#### Required action:
Print the data below again in full, exactly as it stands, with no images.

Saved entries
---------------
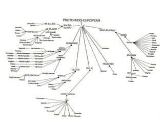 The document discusses the different language families spoken in Europe. It describes the major families such as Indo-European, Finno-Ugric, Turkic, Semitic and others. Within the Indo-European family it outlines the different subgroups including Germanic, Romance, Slavic and others. It provides examples of major languages within each subgroup and notes their distributions and relationships.
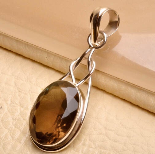 Elegante hanger met Rookkwarts, gezet in zilver. De steen is zowel aan de voor- als aan de achterzijde facet geslepen, wat een sprankelend effect geeft. Handgemaakt sieraad met een speelse en strakke vormgeving. De achterzijde is open.
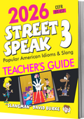 سیریز کی یہ تیسری کتاب "اسٹریٹ اسپیک 1" اور "اسٹریٹ اسپیک 2" کا تسلسل ہے۔ سٹریٹ اسپیک 3 اس سے بھی زیادہ بول چال اور محاورے پیش کرتا ہے جو ڈیٹنگ سمیت اضافی حالات میں استعمال ہوتے ہیں۔ "پک اپ" سے لے کر "بریک اپ" تک سب کچھ۔ پیپر بیک اور ڈیجیٹل فارمیٹس دونوں میں اب پورے رنگ کے اندرونی صفحات ہیں۔ اس میں نہ صرف نصابی کتابیں، بلکہ ورک بک، ٹیچرز گائیڈز، اور اسسمنٹ بھی شامل ہیں!
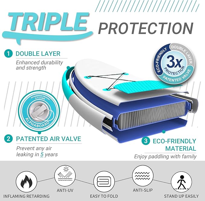 Dobra zwrotność i zmiana kierunku: HEYBOARD SUP jest idealny dla początkujących. Wyposażony jest w trzy stateczniki zapewniające precyzyjną i szybką obsługę. Niezwykle duży i głęboko wycięty pokład EVA zapewnia doskonałą odporność na poślizg i odprowadzanie wody. Doskonała stabilność dzięki grubości 15 cm i szerokości 79 cm, opływowe osiągi zapewniające niezwykłą kontrolę wiosła, idealne dla rekreacyjnych wiosłujących i pływających w tandemie. Pierścienie D ułatwiające konwersję na kajak.
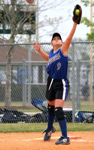 Keywords: softball girls softball first base catch teenager girl sport athletic infielder action infield fence player game softball player
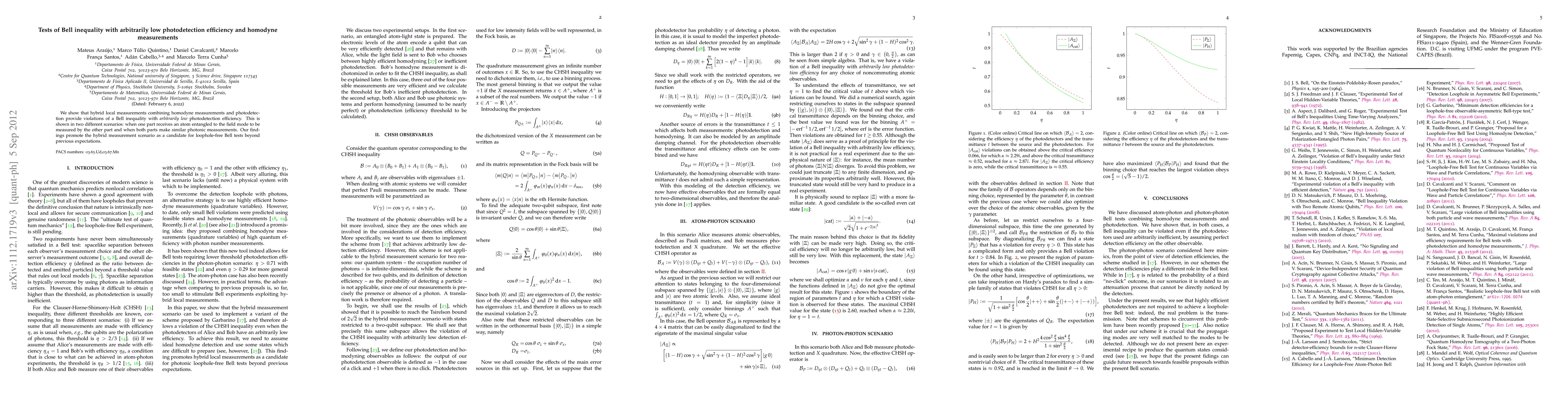 We show that hybrid local measurements combining homodyne measurements and photodetection provide violations of a Bell inequality with arbitrarily low photodetection efficiency. This is shown in two different scenarios: when one part receives an atom entangled to the field mode to be measured by the other part and when both parts make similar photonic measurements. Our findings promote the hybrid measurement scenario as a candidate for loophole-free Bell tests beyond previous expectations.
---------------
#### Written solution:
 The document discusses the different language families spoken in Europe. It describes the major families such as Indo-European, Finno-Ugric, Turkic, Semitic and others. Within the Indo-European family it outlines the different subgroups including Germanic, Romance, Slavic and others. It provides examples of major languages within each subgroup and notes their distributions and relationships.
 Elegante hanger met Rookkwarts, gezet in zilver. De steen is zowel aan de voor- als aan de achterzijde facet geslepen, wat een sprankelend effect geeft. Handgemaakt sieraad met een speelse en strakke vormgeving. De achterzijde is open.
 سیریز کی یہ تیسری کتاب "اسٹریٹ اسپیک 1" اور "اسٹریٹ اسپیک 2" کا تسلسل ہے۔ سٹریٹ اسپیک 3 اس سے بھی زیادہ بول چال اور محاورے پیش کرتا ہے جو ڈیٹنگ سمیت اضافی حالات میں استعمال ہوتے ہیں۔ "پک اپ" سے لے کر "بریک اپ" تک سب کچھ۔ پیپر بیک اور ڈیجیٹل فارمیٹس دونوں میں اب پورے رنگ کے اندرونی صفحات ہیں۔ اس میں نہ صرف نصابی کتابیں، بلکہ ورک بک، ٹیچرز گائیڈز، اور اسسمنٹ بھی شامل ہیں!
 Dobra zwrotność i zmiana kierunku: HEYBOARD SUP jest idealny dla początkujących. Wyposażony jest w trzy stateczniki zapewniające precyzyjną i szybką obsługę. Niezwykle duży i głęboko wycięty pokład EVA zapewnia doskonałą odporność na poślizg i odprowadzanie wody. Doskonała stabilność dzięki grubości 15 cm i szerokości 79 cm, opływowe osiągi zapewniające niezwykłą kontrolę wiosła, idealne dla rekreacyjnych wiosłujących i pływających w tandemie. Pierścienie D ułatwiające konwersję na kajak.
 Keywords: softball girls softball first base catch teenager girl sport athletic infielder action infield fence player game softball player
 We show that hybrid local measurements combining homodyne measurements and photodetection provide violations of a Bell inequality with arbitrarily low photodetection efficiency. This is shown in two different scenarios: when one part receives an atom entangled to the field mode to be measured by the other part and when both parts make similar photonic measurements. Our findings promote the hybrid measurement scenario as a candidate for loophole-free Bell tests beyond previous expectations.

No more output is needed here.